Once the pictures are removed, restate the data below word for word.
###
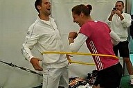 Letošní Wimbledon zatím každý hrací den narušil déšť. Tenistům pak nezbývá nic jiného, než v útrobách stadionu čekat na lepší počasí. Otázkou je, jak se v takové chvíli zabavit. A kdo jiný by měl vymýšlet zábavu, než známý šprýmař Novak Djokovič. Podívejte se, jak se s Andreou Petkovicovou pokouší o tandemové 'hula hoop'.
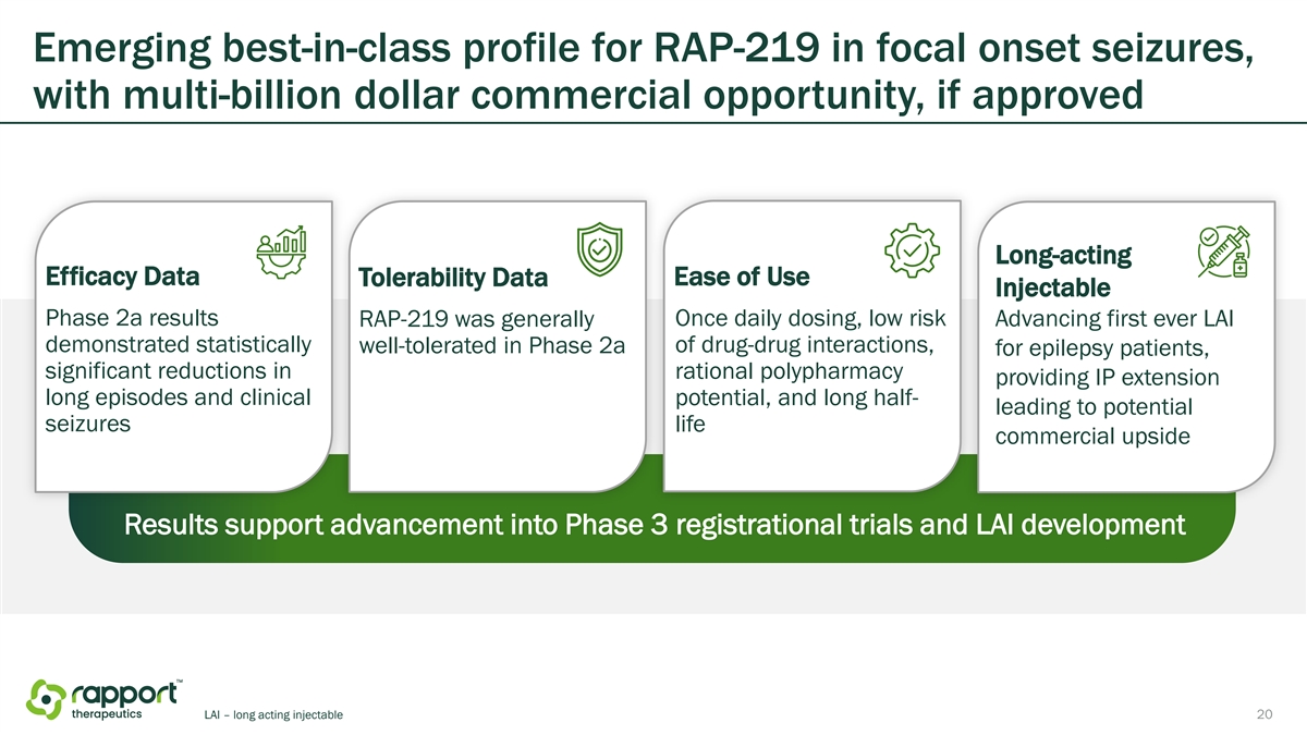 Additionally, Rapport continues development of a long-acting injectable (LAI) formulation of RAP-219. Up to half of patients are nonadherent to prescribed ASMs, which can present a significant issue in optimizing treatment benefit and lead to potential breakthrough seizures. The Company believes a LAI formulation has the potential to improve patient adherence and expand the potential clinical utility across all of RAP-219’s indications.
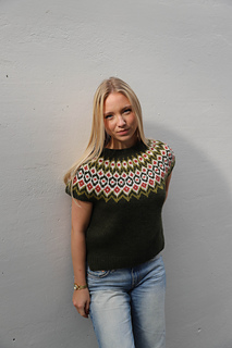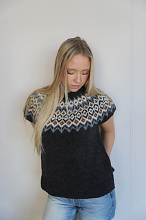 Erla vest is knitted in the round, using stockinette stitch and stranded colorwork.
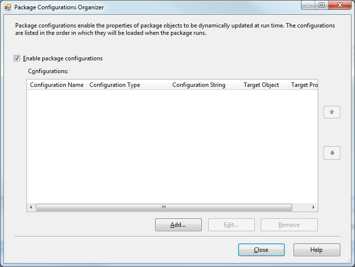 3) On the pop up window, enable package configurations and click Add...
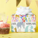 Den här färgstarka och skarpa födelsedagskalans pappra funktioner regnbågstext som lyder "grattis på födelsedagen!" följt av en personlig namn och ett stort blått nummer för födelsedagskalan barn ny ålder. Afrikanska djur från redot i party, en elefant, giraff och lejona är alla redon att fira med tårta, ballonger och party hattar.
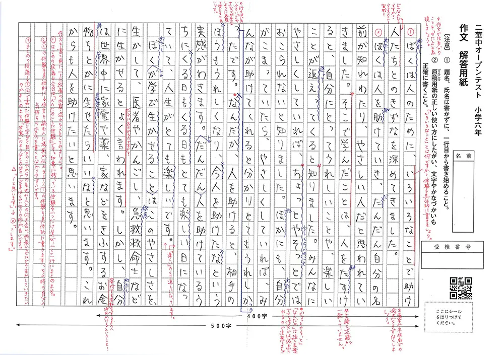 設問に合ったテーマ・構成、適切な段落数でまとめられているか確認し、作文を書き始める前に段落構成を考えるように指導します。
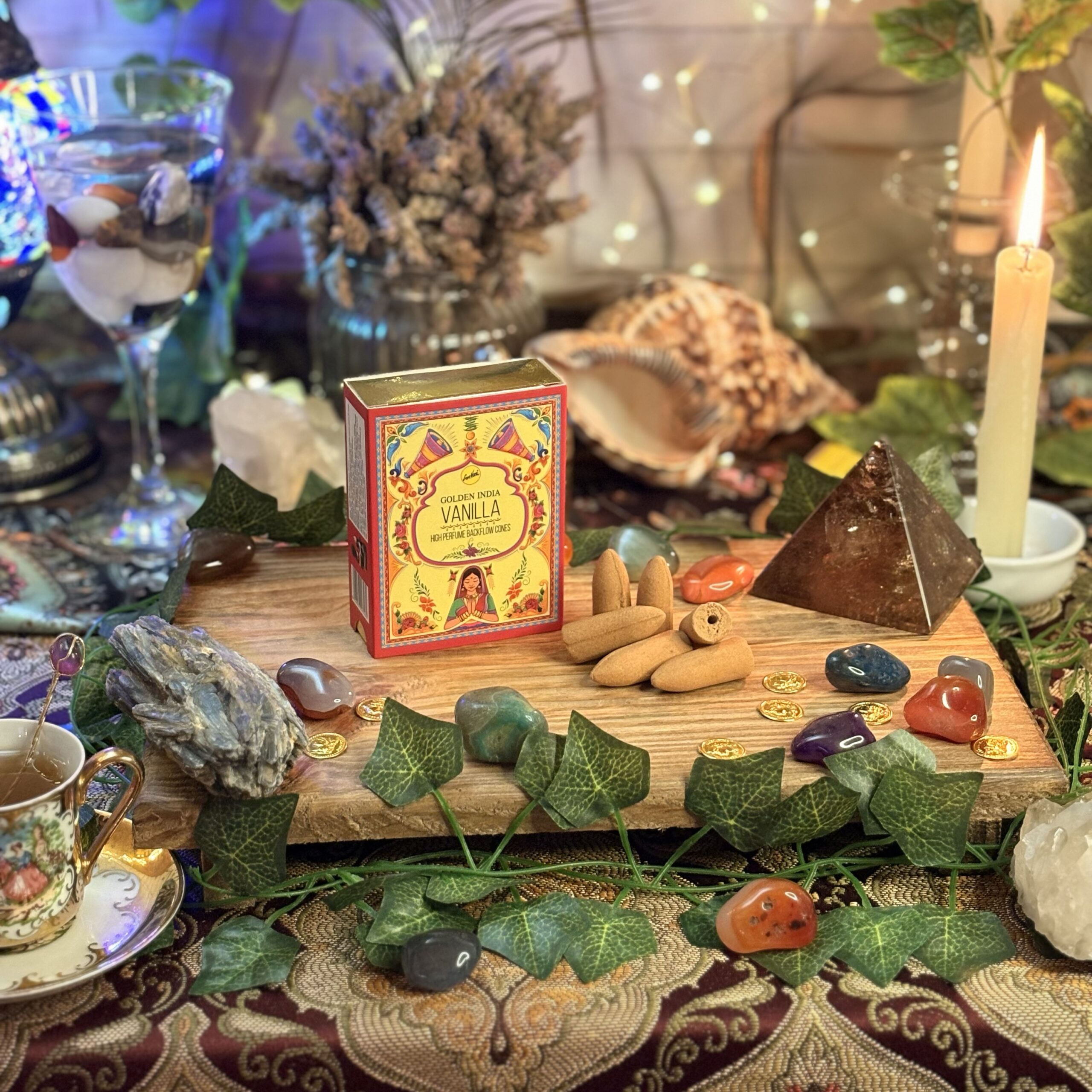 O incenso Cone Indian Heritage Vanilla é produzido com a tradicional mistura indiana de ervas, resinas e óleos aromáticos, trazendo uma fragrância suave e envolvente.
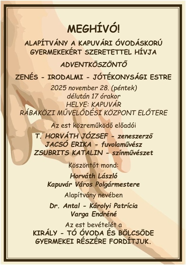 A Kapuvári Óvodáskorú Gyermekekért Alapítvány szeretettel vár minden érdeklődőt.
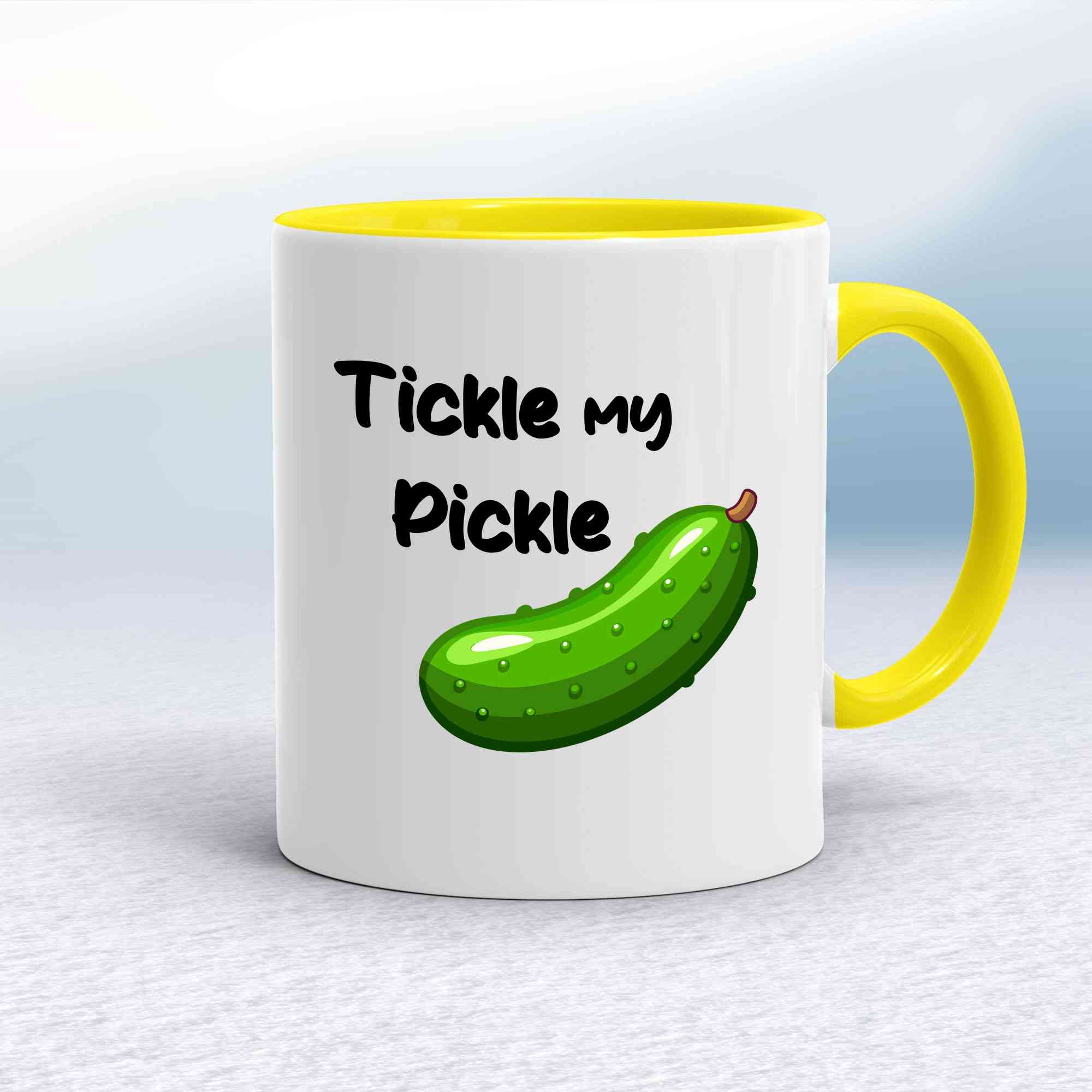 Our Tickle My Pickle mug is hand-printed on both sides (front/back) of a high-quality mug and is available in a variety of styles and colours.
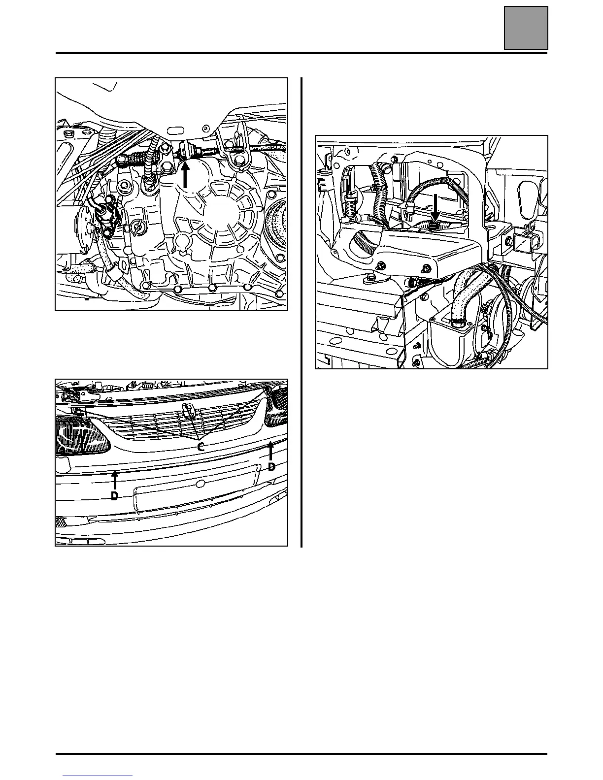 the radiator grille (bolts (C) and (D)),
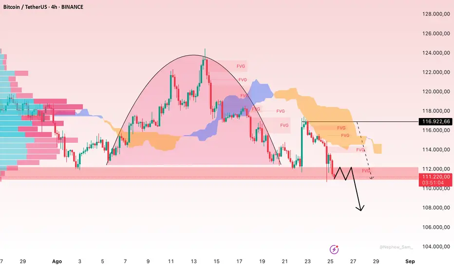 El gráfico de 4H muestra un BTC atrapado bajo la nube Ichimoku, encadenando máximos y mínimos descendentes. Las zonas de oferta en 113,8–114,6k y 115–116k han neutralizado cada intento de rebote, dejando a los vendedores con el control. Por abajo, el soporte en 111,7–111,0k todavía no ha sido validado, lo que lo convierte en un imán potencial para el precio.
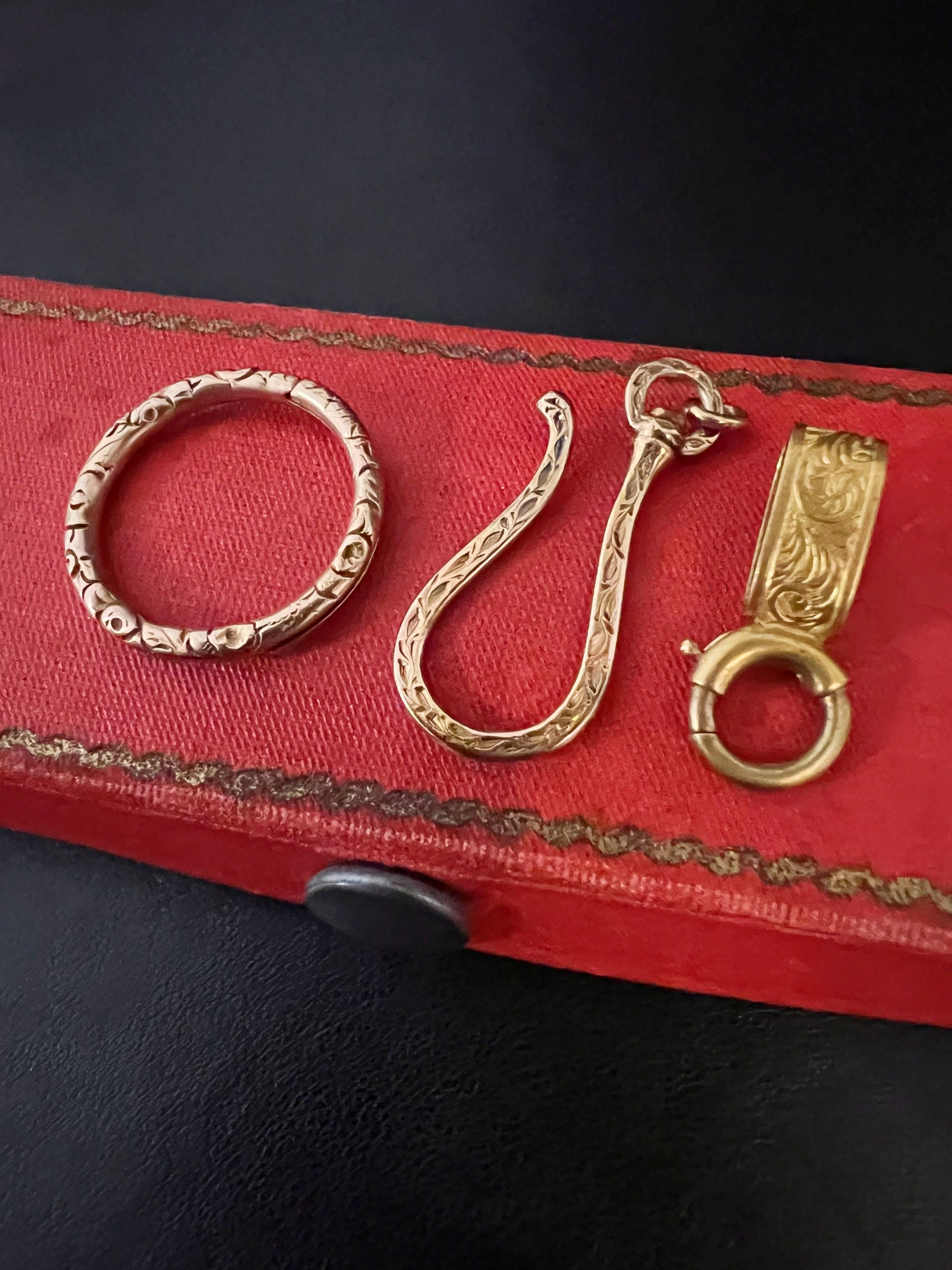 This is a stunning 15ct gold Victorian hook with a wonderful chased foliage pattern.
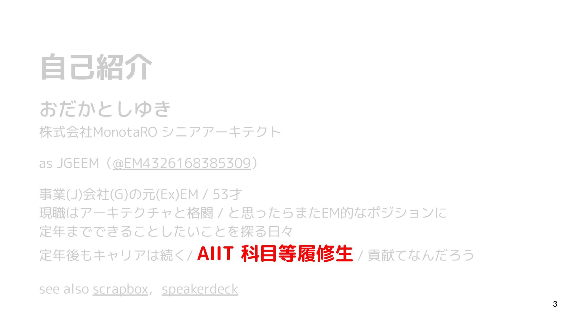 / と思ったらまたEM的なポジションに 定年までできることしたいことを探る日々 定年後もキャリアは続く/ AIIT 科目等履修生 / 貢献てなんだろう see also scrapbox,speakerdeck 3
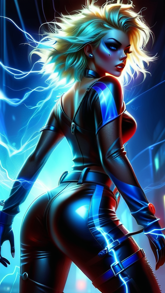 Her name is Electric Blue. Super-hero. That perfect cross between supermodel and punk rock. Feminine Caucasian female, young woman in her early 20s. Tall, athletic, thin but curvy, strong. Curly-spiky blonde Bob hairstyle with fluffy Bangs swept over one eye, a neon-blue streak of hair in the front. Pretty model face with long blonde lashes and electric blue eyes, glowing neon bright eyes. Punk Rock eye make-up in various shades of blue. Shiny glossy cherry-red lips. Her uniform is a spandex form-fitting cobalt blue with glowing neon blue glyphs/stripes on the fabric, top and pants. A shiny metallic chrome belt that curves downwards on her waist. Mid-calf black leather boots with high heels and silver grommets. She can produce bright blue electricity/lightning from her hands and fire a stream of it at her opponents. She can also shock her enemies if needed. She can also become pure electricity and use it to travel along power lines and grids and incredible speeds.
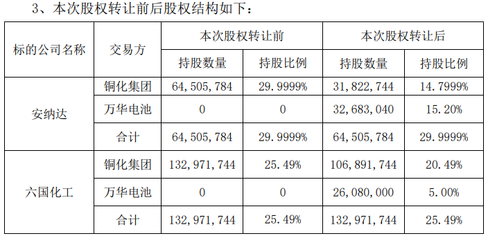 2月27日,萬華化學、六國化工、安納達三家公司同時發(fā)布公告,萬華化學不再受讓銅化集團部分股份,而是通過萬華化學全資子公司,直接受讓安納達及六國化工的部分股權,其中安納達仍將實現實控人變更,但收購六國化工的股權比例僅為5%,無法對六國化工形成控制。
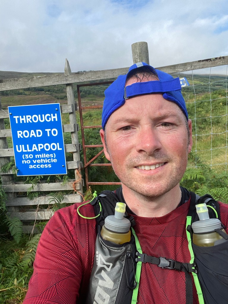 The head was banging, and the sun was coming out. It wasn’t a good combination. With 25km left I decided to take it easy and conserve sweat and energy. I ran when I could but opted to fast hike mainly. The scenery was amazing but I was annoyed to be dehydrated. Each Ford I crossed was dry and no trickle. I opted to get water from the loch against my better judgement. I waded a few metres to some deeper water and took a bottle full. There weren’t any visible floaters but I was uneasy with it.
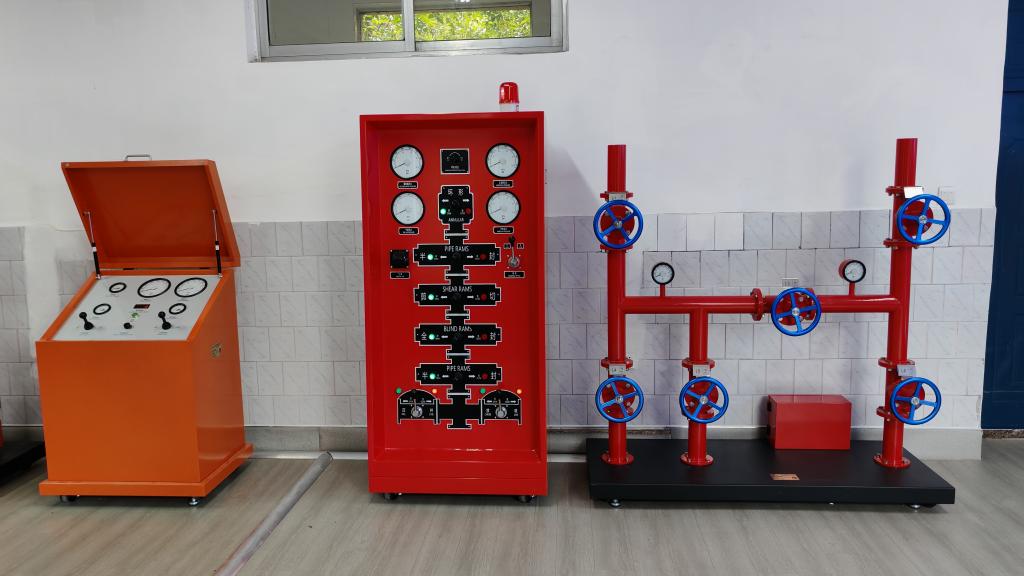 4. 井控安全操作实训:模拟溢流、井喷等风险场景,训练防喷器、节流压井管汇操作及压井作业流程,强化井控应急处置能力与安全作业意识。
###
Worked solution:
 Letošní Wimbledon zatím každý hrací den narušil déšť. Tenistům pak nezbývá nic jiného, než v útrobách stadionu čekat na lepší počasí. Otázkou je, jak se v takové chvíli zabavit. A kdo jiný by měl vymýšlet zábavu, než známý šprýmař Novak Djokovič. Podívejte se, jak se s Andreou Petkovicovou pokouší o tandemové 'hula hoop'.
 Additionally, Rapport continues development of a long-acting injectable (LAI) formulation of RAP-219. Up to half of patients are nonadherent to prescribed ASMs, which can present a significant issue in optimizing treatment benefit and lead to potential breakthrough seizures. The Company believes a LAI formulation has the potential to improve patient adherence and expand the potential clinical utility across all of RAP-219’s indications.
 Erla vest is knitted in the round, using stockinette stitch and stranded colorwork.
 3) On the pop up window, enable package configurations and click Add...
 Den här färgstarka och skarpa födelsedagskalans pappra funktioner regnbågstext som lyder "grattis på födelsedagen!" följt av en personlig namn och ett stort blått nummer för födelsedagskalan barn ny ålder. Afrikanska djur från redot i party, en elefant, giraff och lejona är alla redon att fira med tårta, ballonger och party hattar.
 設問に合ったテーマ・構成、適切な段落数でまとめられているか確認し、作文を書き始める前に段落構成を考えるように指導します。
 O incenso Cone Indian Heritage Vanilla é produzido com a tradicional mistura indiana de ervas, resinas e óleos aromáticos, trazendo uma fragrância suave e envolvente.
 A Kapuvári Óvodáskorú Gyermekekért Alapítvány szeretettel vár minden érdeklődőt.
 Our Tickle My Pickle mug is hand-printed on both sides (front/back) of a high-quality mug and is available in a variety of styles and colours.
 the radiator grille (bolts (C) and (D)),
 El gráfico de 4H muestra un BTC atrapado bajo la nube Ichimoku, encadenando máximos y mínimos descendentes. Las zonas de oferta en 113,8–114,6k y 115–116k han neutralizado cada intento de rebote, dejando a los vendedores con el control. Por abajo, el soporte en 111,7–111,0k todavía no ha sido validado, lo que lo convierte en un imán potencial para el precio.
 This is a stunning 15ct gold Victorian hook with a wonderful chased foliage pattern.
 / と思ったらまたEM的なポジションに 定年までできることしたいことを探る日々 定年後もキャリアは続く/ AIIT 科目等履修生 / 貢献てなんだろう see also scrapbox,speakerdeck 3
 Her name is Electric Blue. Super-hero. That perfect cross between supermodel and punk rock. Feminine Caucasian female, young woman in her early 20s. Tall, athletic, thin but curvy, strong. Curly-spiky blonde Bob hairstyle with fluffy Bangs swept over one eye, a neon-blue streak of hair in the front. Pretty model face with long blonde lashes and electric blue eyes, glowing neon bright eyes. Punk Rock eye make-up in various shades of blue. Shiny glossy cherry-red lips. Her uniform is a spandex form-fitting cobalt blue with glowing neon blue glyphs/stripes on the fabric, top and pants. A shiny metallic chrome belt that curves downwards on her waist. Mid-calf black leather boots with high heels and silver grommets. She can produce bright blue electricity/lightning from her hands and fire a stream of it at her opponents. She can also shock her enemies if needed. She can also become pure electricity and use it to travel along power lines and grids and incredible speeds.
 2月27日,萬華化學、六國化工、安納達三家公司同時發(fā)布公告,萬華化學不再受讓銅化集團部分股份,而是通過萬華化學全資子公司,直接受讓安納達及六國化工的部分股權,其中安納達仍將實現實控人變更,但收購六國化工的股權比例僅為5%,無法對六國化工形成控制。
 The head was banging, and the sun was coming out. It wasn’t a good combination. With 25km left I decided to take it easy and conserve sweat and energy. I ran when I could but opted to fast hike mainly. The scenery was amazing but I was annoyed to be dehydrated. Each Ford I crossed was dry and no trickle. I opted to get water from the loch against my better judgement. I waded a few metres to some deeper water and took a bottle full. There weren’t any visible floaters but I was uneasy with it.
 4. 井控安全操作实训:模拟溢流、井喷等风险场景,训练防喷器、节流压井管汇操作及压井作业流程,强化井控应急处置能力与安全作业意识。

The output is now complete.